Soulignons que la Fondation détient les droits d’auteur sur toutes les œuvres de René Lévesque, droits qui lui ont été cédés gracieusement par la succession de Corinne Côté-Lévesque.

René Lévesque, les ressources naturelles et le développement économique

celine-saint-pierre-200pxTel est le thème du prochain colloque qu’organise la Fondation et qui se déroulera à Montréal, à la Grande bibliothèque, le 25 avril 2014.

En voici le programme :

Conférence d’ouverture : La pensée et l’action économiques de René Lévesque (1960-1985)

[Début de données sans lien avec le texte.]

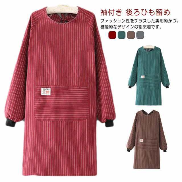レディース 後ろひも留め 割烹着 袖付き 保育士 かっぽう着 長袖 エプロン 大人 大きいサイズ ストライプ柄 メンズ ポケット付き 保育士 北欧 料理教室 キッチン 割烹着 エプロン ゆったり 大きめ シンプル

Session 1. La nationalisation de l’hydroélectricité comme exemple de l’action économique de René Lévesque

  1. Les objectifs de la nationalisation de l’hydroélectricité dans une perspective historique.
  2. Le processus de la nationalisation de l’hydroélectricité : le projet de 1962
  3. Le développement de l’hydroélectricité : une perspective comparative Québec-Norvège
  4. Les impacts de la nationalisation

alexandre-stefanescu-200pxSession 2. L’action économique de René Lévesque, les programmes et la mise en œuvre des politiques

  1. Les ressources naturelles, le développement minier et l’indépendance énergétique
  2. La concertation et la mise en place des grands sommets économiques : une approche innovatrice
  3. Les programmes de sortie des crises de 1979 et 1982 et autres programmes innovants

Session 3. Table ronde : Bilan de l’action économique de René Lévesque et éclairage sur les enjeux actuels

Deux membres du conseil de la Fondation ont pris en charge la tenue de ce colloque : madame Céline Saint-Pierre a assumé, avec la contribution d’un comité scientifique, l’élaboration du programme et le choix des conférenciers; monsieur Alexandre Stefanescu s’occupe des démarches préparatoires, de l’organisation du déroulement des séances et des suites à donner.